Furthermore, mortgage interest is deductible over a maximum period of 30 years, provided the mortgage provides for monthly redemption payments (straight line or annuity), while – starting in 2018 – the maximum amount is 100% of the purchase price. This means that buyers can no longer completely finance the additional expenses related to buying a house by means of the mortgage.
If you decide to take out a higher mortgage than required to finance the purchase of the house itself or for its reconstruction, the related part of the mortgage interest will not be deductible. Other expenses related to the house (such as insurance premiums and, of course, capital repayment) are never deductible.
What Type of Mortgage?
You should seek proper advice on the type of mortgage that is suitable in your situation, particularly in view of the limited period of time during which you may need the mortgage. Do not forget to inform the bank if you are benefiting from the 30%-ruling. If the mortgage is linked to a capital insurance, you may be faced with additional tax consequences. Be sure to get expert advice!
Deemed Rental Value and WOZ-Value
Those who own a house and use it as their principal place of residence have to report a certain amount – related to the home ownership – on their income tax return. This amount is a percentage of the value of the house, and is called the eigenwoningforfait (or deemed rental value). The eigenwoningforfait based on the official value of the house, also known as the WOZ-value, which is determined every year by the municipality. Every year, the owner receives a so-called WOZ-beschikking (WOZ-decision), ‘confirming’ the value of the house, which is used as a basis for determining a number of levies and taxes and has been created in order to rule out the possibility of arbitrariness. The general applicable rate of the eigenwoningforfait is 0.75% of the WOZ-value (a higher rate applies if your house is worth more than € 1.06 million).

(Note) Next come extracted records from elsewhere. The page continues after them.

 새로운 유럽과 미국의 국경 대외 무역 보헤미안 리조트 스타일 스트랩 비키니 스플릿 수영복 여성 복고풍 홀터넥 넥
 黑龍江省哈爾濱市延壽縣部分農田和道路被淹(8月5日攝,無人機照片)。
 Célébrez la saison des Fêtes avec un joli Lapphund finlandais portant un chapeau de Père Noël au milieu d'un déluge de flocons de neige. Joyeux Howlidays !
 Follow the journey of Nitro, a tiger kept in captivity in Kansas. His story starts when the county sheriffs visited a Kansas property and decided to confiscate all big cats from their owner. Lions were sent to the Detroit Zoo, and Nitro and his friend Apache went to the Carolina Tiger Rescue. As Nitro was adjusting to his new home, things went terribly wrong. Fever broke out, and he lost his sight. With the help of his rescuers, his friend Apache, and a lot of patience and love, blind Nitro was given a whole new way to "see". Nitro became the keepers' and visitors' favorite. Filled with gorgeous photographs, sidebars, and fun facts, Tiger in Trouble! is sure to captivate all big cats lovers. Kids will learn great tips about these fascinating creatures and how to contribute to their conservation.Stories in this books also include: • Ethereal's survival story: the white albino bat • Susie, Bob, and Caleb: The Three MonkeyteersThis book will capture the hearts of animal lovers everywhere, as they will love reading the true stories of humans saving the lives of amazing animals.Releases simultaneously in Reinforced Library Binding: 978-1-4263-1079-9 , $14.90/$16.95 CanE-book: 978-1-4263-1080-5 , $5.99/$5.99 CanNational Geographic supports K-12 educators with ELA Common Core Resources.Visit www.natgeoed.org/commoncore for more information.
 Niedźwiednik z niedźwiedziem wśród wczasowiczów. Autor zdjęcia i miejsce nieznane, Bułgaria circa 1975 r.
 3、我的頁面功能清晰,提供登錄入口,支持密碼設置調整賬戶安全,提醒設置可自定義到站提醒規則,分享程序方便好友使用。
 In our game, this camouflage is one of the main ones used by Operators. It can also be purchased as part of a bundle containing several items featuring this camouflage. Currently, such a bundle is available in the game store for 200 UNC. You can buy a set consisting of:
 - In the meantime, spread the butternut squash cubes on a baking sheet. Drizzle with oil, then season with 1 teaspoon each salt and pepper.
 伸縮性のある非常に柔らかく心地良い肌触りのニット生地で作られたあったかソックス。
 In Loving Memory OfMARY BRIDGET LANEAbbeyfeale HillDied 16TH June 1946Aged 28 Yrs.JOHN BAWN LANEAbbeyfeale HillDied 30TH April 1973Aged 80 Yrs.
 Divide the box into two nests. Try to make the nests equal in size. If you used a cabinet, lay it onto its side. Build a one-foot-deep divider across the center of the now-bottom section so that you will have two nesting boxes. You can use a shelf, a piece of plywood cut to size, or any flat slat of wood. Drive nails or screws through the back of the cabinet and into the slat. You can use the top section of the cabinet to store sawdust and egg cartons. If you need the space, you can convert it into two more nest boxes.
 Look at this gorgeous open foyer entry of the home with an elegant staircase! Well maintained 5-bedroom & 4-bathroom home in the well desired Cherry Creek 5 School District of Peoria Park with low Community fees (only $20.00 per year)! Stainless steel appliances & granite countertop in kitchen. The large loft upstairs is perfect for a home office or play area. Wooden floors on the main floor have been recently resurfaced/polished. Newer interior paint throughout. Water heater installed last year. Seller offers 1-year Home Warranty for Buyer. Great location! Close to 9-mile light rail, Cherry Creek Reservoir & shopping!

The balance of the deemed rental value and the interest can be deducted from your income. You can only deduct your own share in the mortgage.
Preliminary Tax Refund
You can receive a tax refund on the mortgage interest deduction every month by requesting a preliminary negative tax bill from the tax authorities. This is done by means of a special form. The tax authorities will then deposit the refund directly into your bank account.